What I've been watching: February 2025
My latest media diary featuring the good, the bad, the television, and one (1) video game
I always look forward to February in Seattle.
Not because of the weather, which tends to be the stereotypical rainy and gray picture outsiders1 have of the city, but because of the movies.
Every year in February, the Seattle International Film Festival (SIFF) partners with Eddie Muller of the Film Noir Foundation and Turner Classic Movies to put on what I believe is the single best cinematic event of the year: Noir City.
It is a weeklong series of detectives, femme fatales, double crosses, and heists; most of the films are from the heyday of Hollywood noir, though sometimes the series focuses on foreign language stories.
At any rate, I was only able to make it to 3 of the screenings this year, but I’ll begin my monthly media recap with those.
Noir City 2025
Out of the Past- Available to buy/rent digitally. I watched this Jacques Tourneur film last fall, but I wasn’t about to miss the chance to see one of the greatest of all noirs in the theater. Robert Mitchum is reliably excellent as a gruff private eye drawn back into a life he tried to leave, but it’s Jane Greer who steals the show as a dangerous, duplicitous femme fatale.2 Kirk Douglas also shows up!
The Narrow Margin- Streaming on Max. An amazing 70-minute exercise of suspense. Set almost entirely on a train, it follows a detective (Charles McGraw) trying to protect a mobster’s wife (Marie Windsor) on a cross-country trip so she can testify in court. Director Richard Fleischer makes the most of the cramped quarters, putting danger around every corner.

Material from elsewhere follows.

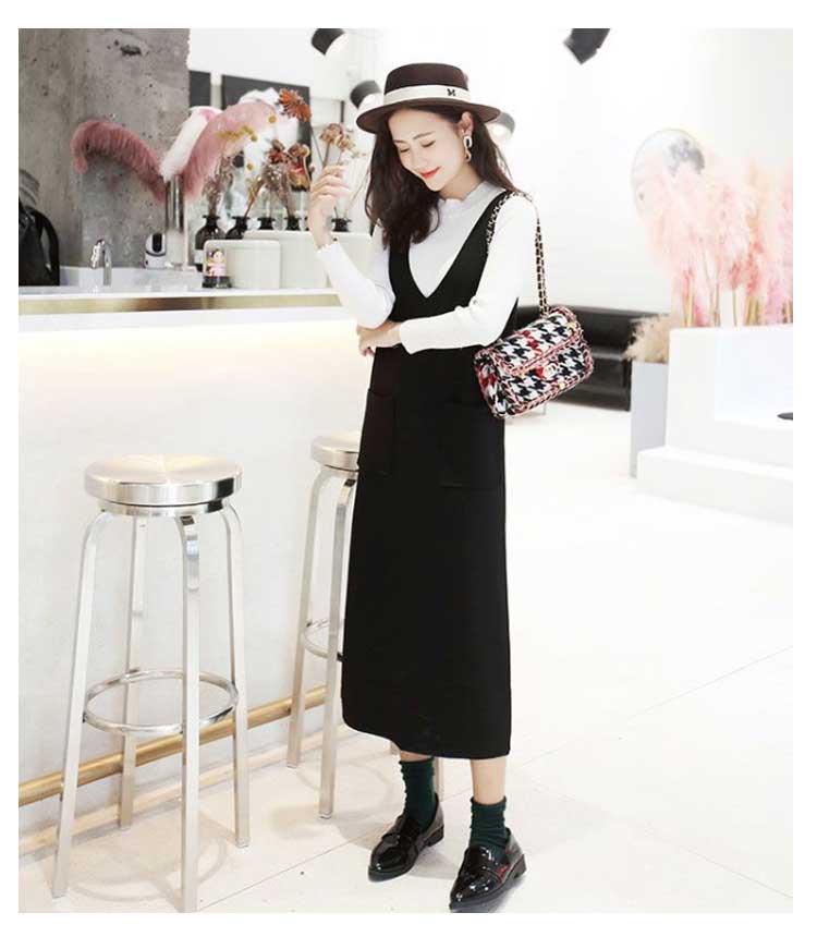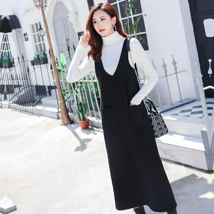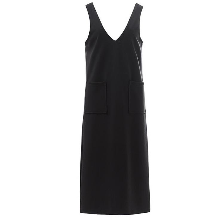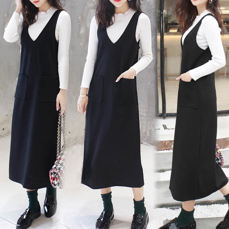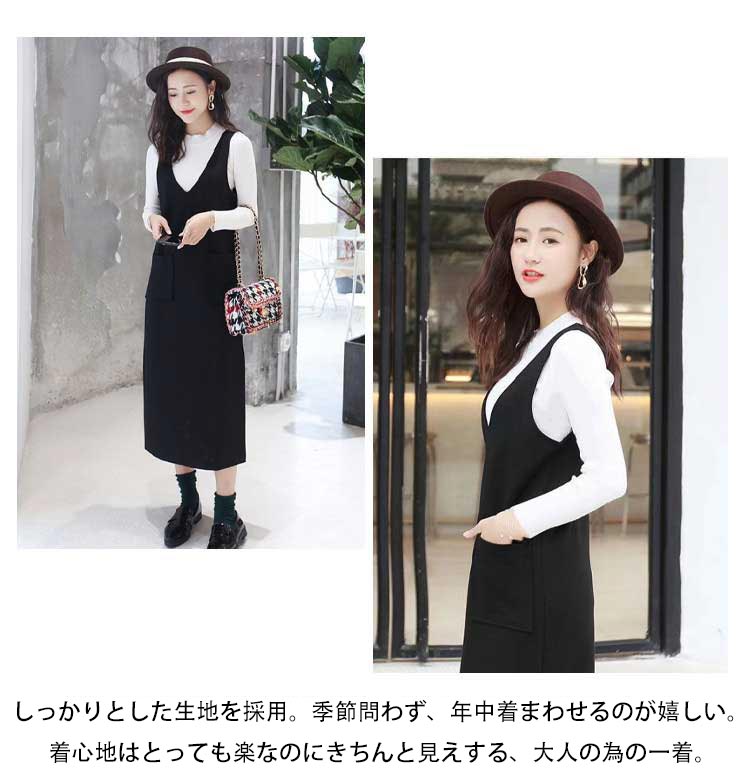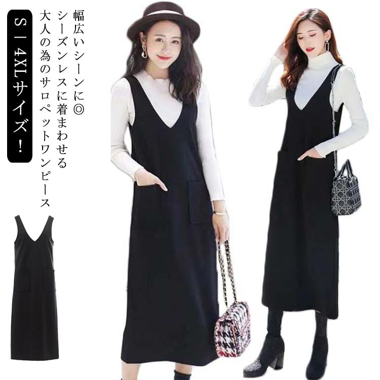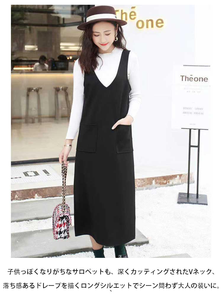 送料無料 深Vネック ジャンパースカート Hライン サロペット ワンピース ジャンスカ レディース オールインワン Vネック 膝下 ミモレ丈 30代 40代 ポケット付き 黒 大きサイズ ゆったり 体型カバー 通勤 通学

Hell’s Half Acre- Available to buy/rent digitally. The one miss I saw at this year’s festival. An irredeemably boring, tonally jarring Tiki Noir about a woman (Evelyn Keyes) who goes searching for her MIA husband in Hawaii. At least Elsa Lanchester shows up as a nosy taxi driver!
Best first watches
No Other Land- Now in select theaters. The best new release I watched this month. A harrowing, gut-wrenchingly personal documentary about a Palestinian man, Basel Adra, and his years-long fight against displacement by the Israeli government in the Masafer Yatta region of the West Bank. If the Oscars are good for anything this year, it will be helping this film find U.S. distribution, and by extension a wider audience. I won’t hold my breath, though!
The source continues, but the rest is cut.